- [Assignment]: Your output should be the lines from the one containing "1969 oval port" through the last line below, both ends included, exactly as written and free of pictures.

- [Data under study]:
^^^^^^^^

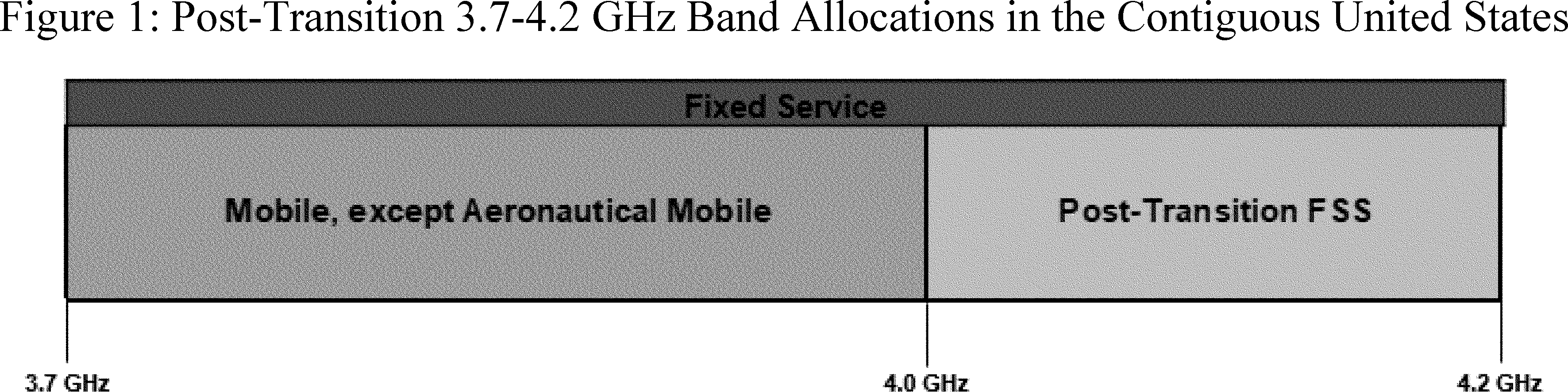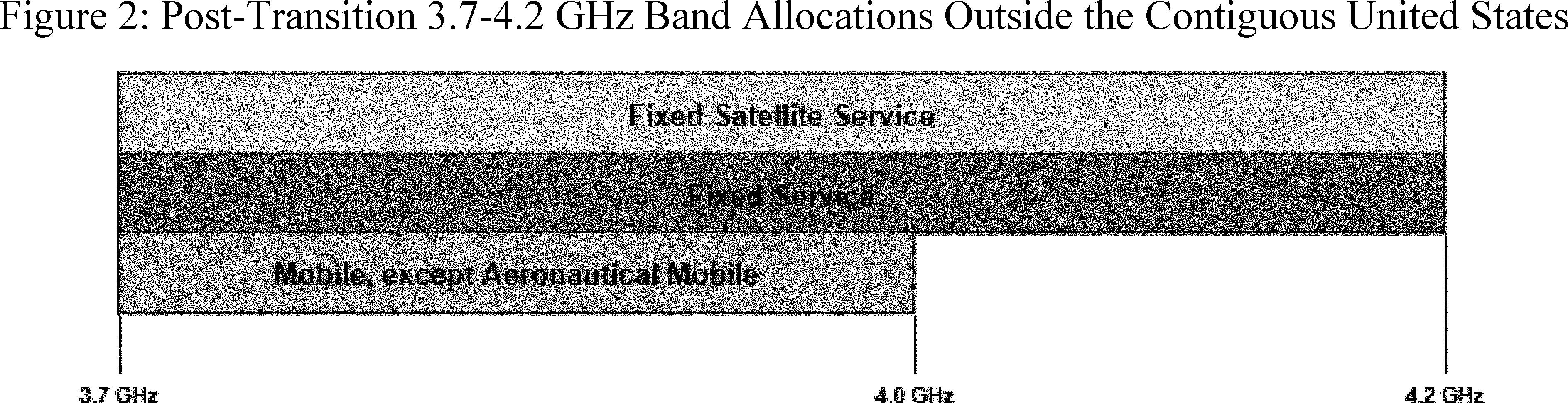 47. The Commission's plan will ensure that content that FSS now delivers to incumbent earth stations will continue uninterrupted as an essential element of the transition mechanism. Although the Commission allocates the 3.98-4.0 GHz band to mobile services, except aeronautical, for flexible use, the Commission declines at this time to establish service rules for that band. Instead, it will function as a guard band to protect earth station registrants from harmful interference both during and after the transition. The Commission also declines to add a mobile allocation to the 4.0-4.2 GHz band reserved for primary FSS use at this time, as doing so could undermine investment in content distribution. Figures 1 and 2 below demonstrate the post-transition allocation and uses of the band in the contiguous United States and in the rest of the United States, respectively.
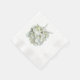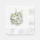 Weißer Seestern und Hydrangea Hochzeitsnapkins mit individuellem Text. Fügen Sie den Namen der Braut und des Bräutigams und das Datum der Ehe schlichten oder geprägten Papierservietten hinzu. Neutrale, weiße und cremefarbene Farben mit schwarzem Skripttext passen zu jedem Empfang mit Strandmotiven.
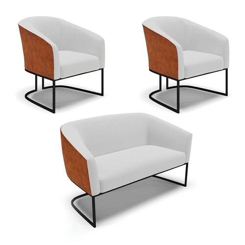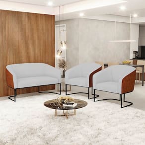 Você irá Receber: 01 Sofá Namoradeira e 02 Poltronas - Entregue em: 03 Volumes
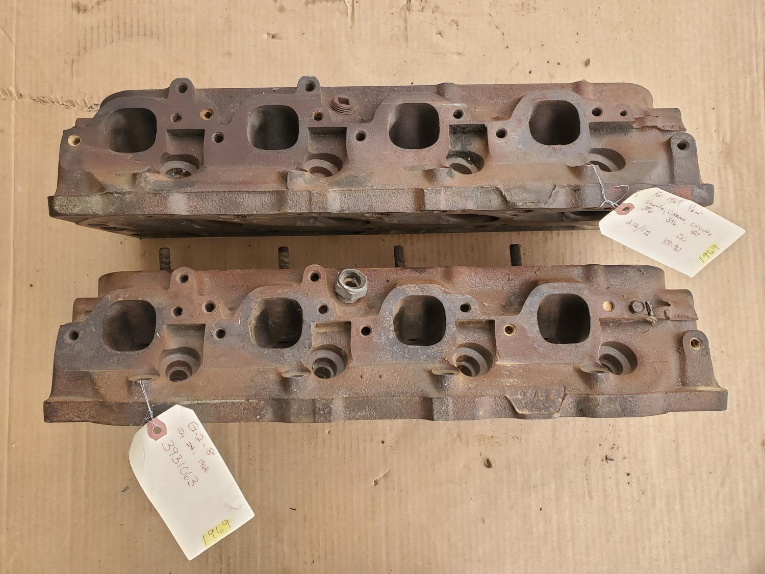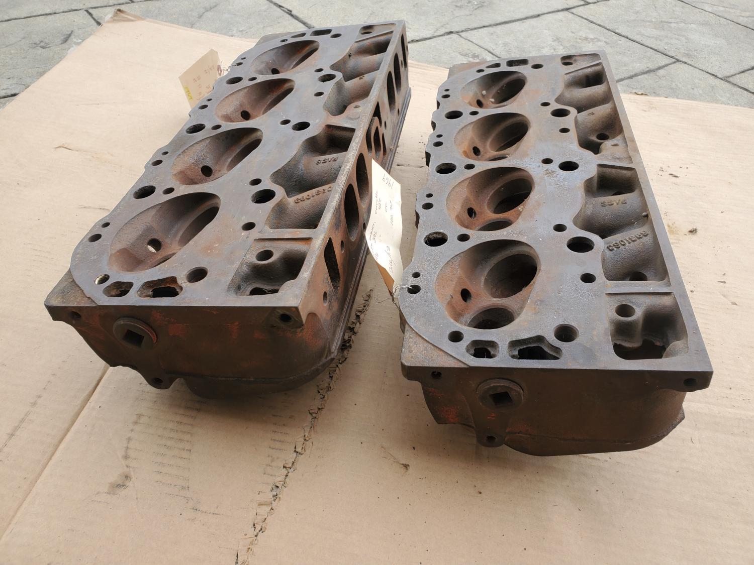 1969 oval port big block chevrolet heads casting number 3931063 dated G-2-8 & G-8-8. Heads are in stock condition $400. Can ship if you cannot pick up.
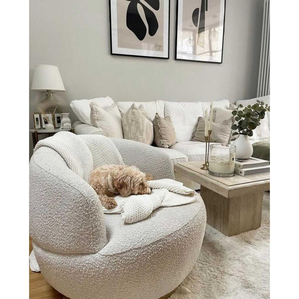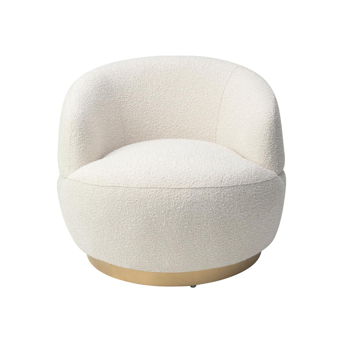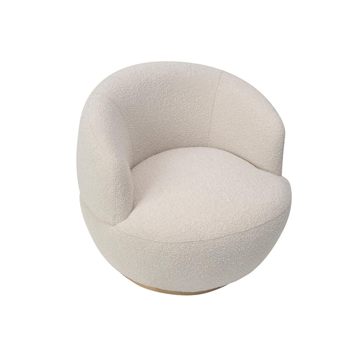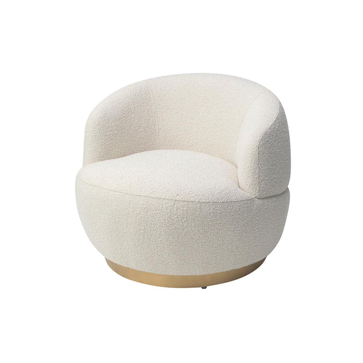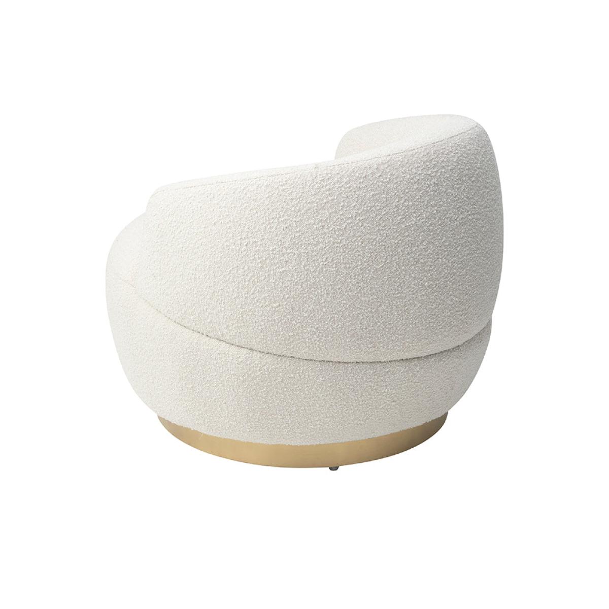 In a neutral sand colour, this rounded occasional chair is a perfect complement to any space in your home. Its sleek and attractive design creates a beautiful focal point, without appearing intrusive and the soft, wraparound backrest is ideal for settling comfortably into. Created by luxury designer Liang & Eimil, this boucle chair is sophisticated and, measuring in at 84cm wide and 88cm deep, combined with its 360 degree swivel base, is designed to fit into the cosiest of spaces. However, with its bold, brushed brass base, it is a striking statement piece, suitable for any size or style of room. Dimensions: W:84 x D:88 x H:70.5 cm
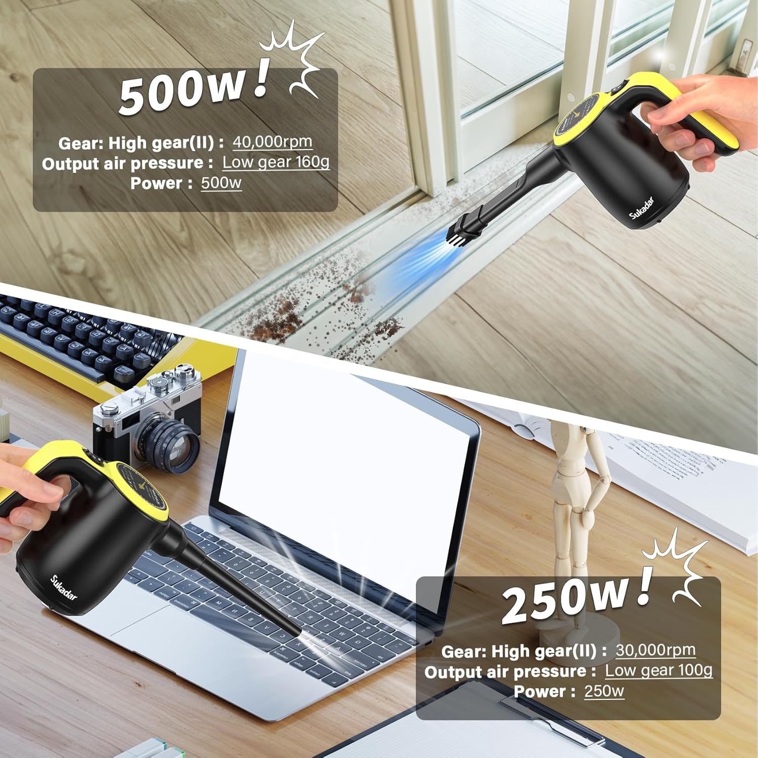 - 500w/250w⚡: Two Speeds Are Adjustable. The High Speed Gear Can Quickly Clean Stubborn Dust From Electronic Devices And Blow Out Hidden Items Under The Sofa. Bottom Speed Gear Won't Overbearingly Blow Away What Is Needed, Low Noise And Power Consumption.

^^^^^^^^

- [Completed task]:
 1969 oval port big block chevrolet heads casting number 3931063 dated G-2-8 & G-8-8. Heads are in stock condition $400. Can ship if you cannot pick up.
 In a neutral sand colour, this rounded occasional chair is a perfect complement to any space in your home. Its sleek and attractive design creates a beautiful focal point, without appearing intrusive and the soft, wraparound backrest is ideal for settling comfortably into. Created by luxury designer Liang & Eimil, this boucle chair is sophisticated and, measuring in at 84cm wide and 88cm deep, combined with its 360 degree swivel base, is designed to fit into the cosiest of spaces. However, with its bold, brushed brass base, it is a striking statement piece, suitable for any size or style of room. Dimensions: W:84 x D:88 x H:70.5 cm
 - 500w/250w⚡: Two Speeds Are Adjustable. The High Speed Gear Can Quickly Clean Stubborn Dust From Electronic Devices And Blow Out Hidden Items Under The Sofa. Bottom Speed Gear Won't Overbearingly Blow Away What Is Needed, Low Noise And Power Consumption.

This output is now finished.